I wonder how fair Joyce plays. The literary references I can see are
to titles, characters, and the most famous quotations:
where the bus stops there shop I (540)
The Tempest for some reason. Now, looking at the page, I suspect
everything of being a parody of a quotation I do not recognize. And I just saw, looking at that page, a reference to Henry Fielding I
missed, “Jonathans, wild and great.” And
a reference to Daniel Defoe in the previous line.
Themes
Or motifs, of the kind I associate with Flaubert. Not that horses or cigars are symbols, but work
through the horse theme or the cigar theme in Madame Bovary and
interesting patterns appear, deliberate creations of Flaubert. Ulysses has plenty of this kind of
thing, but Finnegans Wake is so overwhelming that I do not know how to apply the method.

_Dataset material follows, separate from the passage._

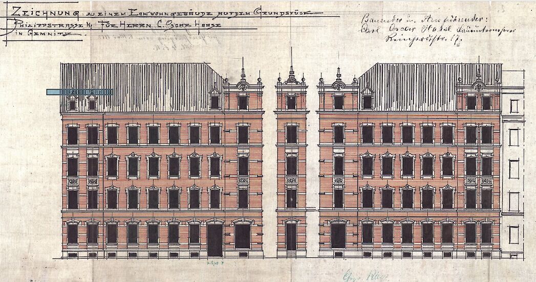 Historische Ansicht der Philippstraße 21, erbaut 1902 für Carl Oscar Haase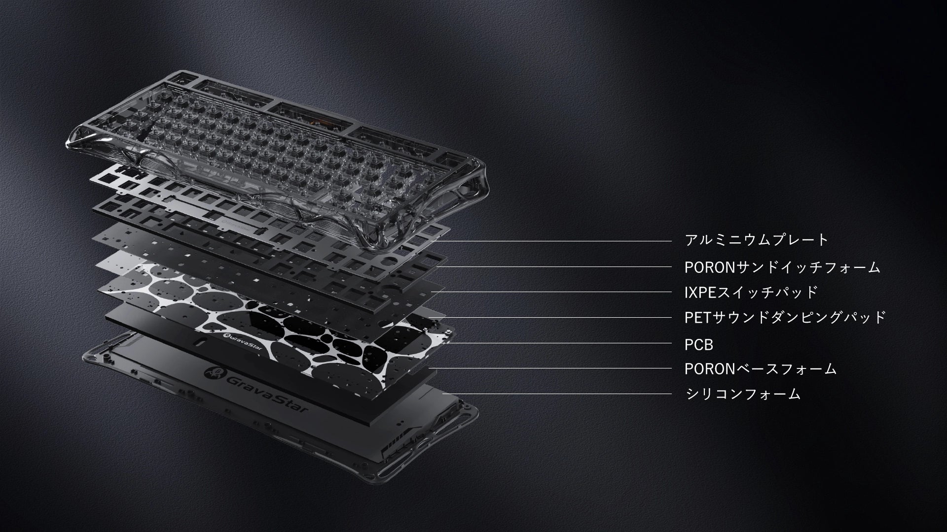 - 5層構造のアコースティックフォーム:打鍵時の振動を最小限に抑え、よりクリアな打鍵音とスムーズなタイピング感を提供。

He was poached on in that eggdentical spot. (16)
The eggs are everywhere.
Humpty Dumpty first appears on the first page, as part of poor Finnegan’s
fall from the ladder, “the humptyhillhead of humself prumptly sends… in quest
of his tumptytumtoes” (3), the last on the last page, “humbly dumbly” (628). The eggs have a mythic, symbolic meaning, as
part of the cyclical story of the children reborn as the parents. Humpty Dumpty is put back together in Joyce’s
world. This symbolic level is so clear as
to be banal. So what else is going
on? The eggs are everywhere.
I see how this book becomes a hobby for some readers. Gives you a lot to do if you want. Of course at this point it is all catalogued and
interpreted. Someone else has compiled
the concordance. I can just look up the eggs
and Swifts and Romansh. Is that more fun
or less?
Frequent posts! I'm loving it.
ReplyDeleteCan I keep the ball rolling for a while? No promises.
ReplyDeleteI really think by this point Joyce was writing entirely for himself, and for the few disciples he knew would follow him wherever he went. It's a bad idea to sink entirely into your own navel, however much the result flashes with brilliance.
ReplyDeleteWriting for Beckett and Burgess and the like, although I am happier with Burgess's simplification and Beckett's rejection of Finnegans Wake.